# 2015 New Years Resolutions?



## MannDude (Dec 23, 2014)

Almost time for us to come up with resolutions for the new year that we may or may not (statistically though, do not) keep for an entire year. What things are you going to work on in 2015? Quitting smoking? Losing weight? Saving more money? Finish a project? Start a new hobby?

All I really want to do in 2015 is _cook_ more, which in turn will likely help me eat better/healthier. Which should help me lose a bit of softness gathered around the edges from a year of sitting at a desk when combined with an effort to exercise a bit more.
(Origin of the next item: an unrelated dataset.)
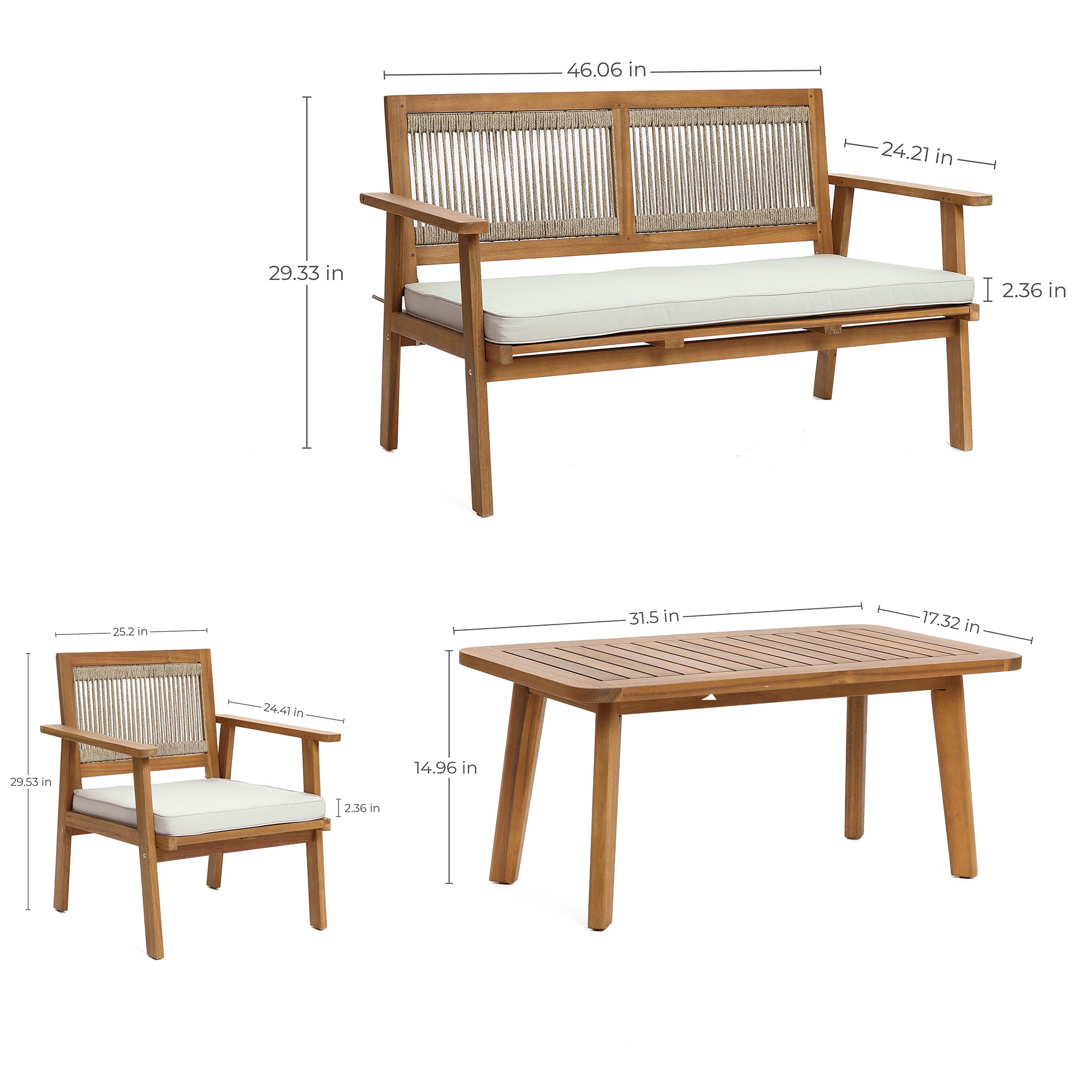 Tuscany outdoor acacia wood & rope conversation set, 2 armchairs, 1 coffee table, 1 loveseat

In 2014 I quit smoking, though it wasn't my first attempt or even kicked at the beginning of the year but I did eventually kick the habit. So I'm hoping I can develop better cooking habits and spend more time in the kitchen doing things like preparing multiple meals at once and cooking food that can also be re-heated later for easier consumption and to avoid eating fast food or making pre-packaged meals or kits that aren't very good or healthy.

What about you?


----------



## raindog308 (Dec 23, 2014)

My new year's resolution is to be more patient with people who ask me stupid questions about computers.
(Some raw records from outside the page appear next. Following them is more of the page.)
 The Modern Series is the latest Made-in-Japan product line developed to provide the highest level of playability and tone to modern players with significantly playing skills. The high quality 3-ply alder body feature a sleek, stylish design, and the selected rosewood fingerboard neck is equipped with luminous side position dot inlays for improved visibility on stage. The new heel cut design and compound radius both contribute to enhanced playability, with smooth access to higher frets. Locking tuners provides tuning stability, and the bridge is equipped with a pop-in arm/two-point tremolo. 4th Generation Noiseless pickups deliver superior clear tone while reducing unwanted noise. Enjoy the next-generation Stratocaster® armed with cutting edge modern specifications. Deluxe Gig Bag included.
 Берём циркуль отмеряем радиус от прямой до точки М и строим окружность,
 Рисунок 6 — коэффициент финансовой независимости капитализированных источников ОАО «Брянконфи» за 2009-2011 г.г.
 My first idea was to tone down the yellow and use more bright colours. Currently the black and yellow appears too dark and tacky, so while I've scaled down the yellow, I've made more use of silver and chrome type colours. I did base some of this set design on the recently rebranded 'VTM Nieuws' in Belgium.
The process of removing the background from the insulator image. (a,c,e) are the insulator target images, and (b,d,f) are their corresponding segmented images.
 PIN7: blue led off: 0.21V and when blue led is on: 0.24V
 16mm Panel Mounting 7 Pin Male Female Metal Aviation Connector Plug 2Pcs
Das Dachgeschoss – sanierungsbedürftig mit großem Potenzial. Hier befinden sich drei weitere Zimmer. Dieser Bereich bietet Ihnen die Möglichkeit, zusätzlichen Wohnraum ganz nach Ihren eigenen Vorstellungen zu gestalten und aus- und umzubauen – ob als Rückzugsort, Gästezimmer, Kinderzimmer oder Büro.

Seriously, that's my resolution.  I am pledging to not reply to my relatives with LMGTFY links.  I promise to repeat the same freaking instructions for unzipping a .zip full of pics I put on Dropbox.  I will try my best to explain that you can't send your 320x240 cell phone pics to Walgreen's and expect a quality 8x10.  I will even be nice when aunts call me from their home phone and are in a panic because "all the icons on my iphone suddenly started wiggling and there are Xs on all of them!" and I will try to resist the urge to tell them that hackers have taken control of their phones.
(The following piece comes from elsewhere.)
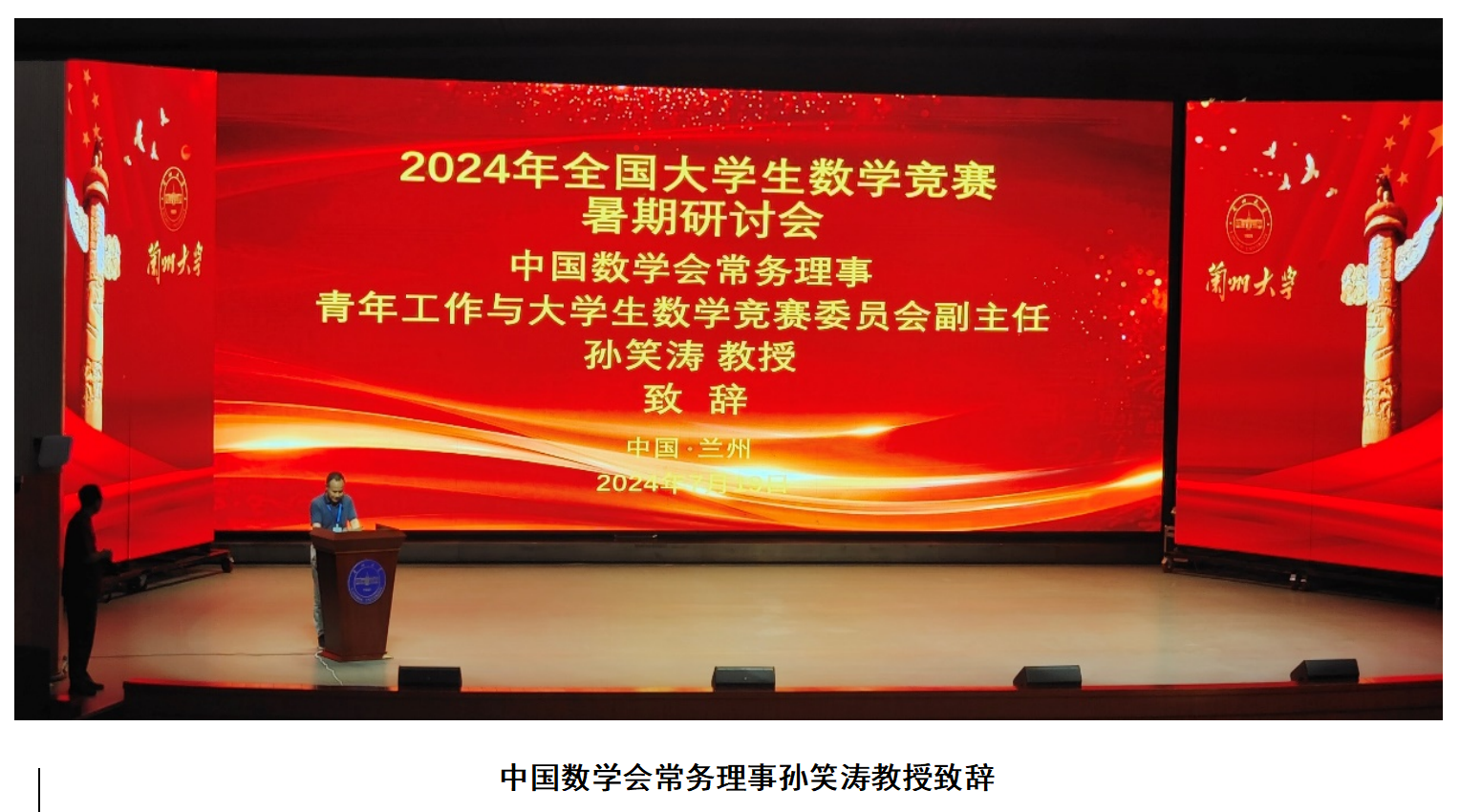 7月18日至22日,2024年全国老员工数学竞赛暑期研讨会在l9193永利老员工活动中心隆重举行。本次会议由中国数学会指导,中国数学会数学竞赛委员会全国老员工数学竞赛工作组(简称:全国老员工数学竞赛工作组,下同)主办,l9193永利承办,l9193永利和甘肃省数学会协办,l9193永利副董事长勾晓华出席开幕式。中国数学会常务理事、青年工作与老员工数学竞赛委员会副主任、天津大学孙笑涛教授,全国老员工数学竞赛工作组组长、北京航空航天大学佘志坤教授,全国老员工数学竞赛工作组副组长、山东大学数学公司党委书记王光辉教授、数学竞赛工作组专家以及来自北京航空航天大学、西安交通大学、国防科技大学、中国地质大学、华东师范大学、重庆师范大学、l9193永利等全国各大高校的430多位教师代表参会。

I'm telling people I can't possibly keep this up for long and made fade down the stretch, so form an orderly queue and get your questions in early...

(I really am serious about this.  When I was younger I was more patient.)


----------



## Aldryic C'boas (Dec 23, 2014)

Getting rid of my sobriety problem.


----------



## wlanboy (Dec 23, 2014)

My new year's resolution is to limit the amount of time spent on work.

Looking to this year my long hours had an average peak of 55 hours per week.

Something I want to change.


----------



## Joshua-Epic (Dec 23, 2014)

My New Years resolution is quite simple, stop ordering pizza once a week.


----------



## mojeda (Dec 23, 2014)

Buy more servers, then wonder why I have so many, do nothing about it.


----------



## ChrisM (Dec 23, 2014)

To increase my Gun Collection and lose additional weight.


----------



## Nick (Dec 24, 2014)

Chris Miller said:


> To increase my Gun Collection and lose additional weight.



'merica.


----------



## drmike (Dec 24, 2014)

Joshua-Epic said:


> My New Years resolution is quite simple, stop ordering pizza once a week.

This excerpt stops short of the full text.